Выбрать главу

Мне достаточно было посмотреть один из твоих рассказов. Да, я верю, что когда-нибудь ты сумеешь создать что-то стоящее. Но готов ли ты перенести все эти муки? Говоришь, ты растерян, колеблешься, не знаешь, что делать, и я должен сказать тебе свое слово.

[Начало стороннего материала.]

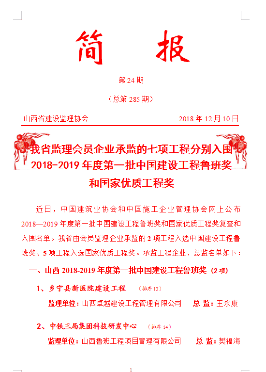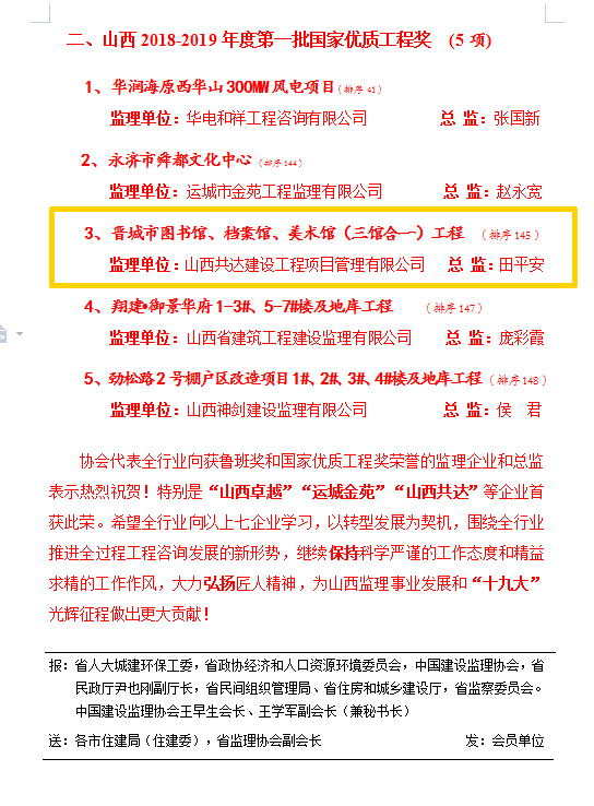 喜報(bào)!山西共達(dá)建設(shè)工程項(xiàng)目管理有限公司監(jiān)理的 晉城市圖書館、檔案館、美術(shù)館(三館合一)工程榮獲 《2018-2019年度第一批國(guó)家優(yōu)質(zhì)工程獎(jiǎng)》發(fā)布時(shí)間:2019-01-08 來源:本站 訪問量:次

Мое слово! Лучше бы мне промолчать, и ты это счел бы жестоким равнодушием, либо мне надо было бы говорить с тобой много дней или жить с тобой много лет — беседовать, иногда молчать или гулять вместе, ничего не говоря, как бывает, когда умирает горячо любимый человек и мы понимаем, что слова бессмысленны и нелепы. В такие минуты лишь искусство других художников спасает тебя, утешает, помогает. Тогда полезны (какой ужас!) страдания великих, взошедших раньше тебя на эту Голгофу.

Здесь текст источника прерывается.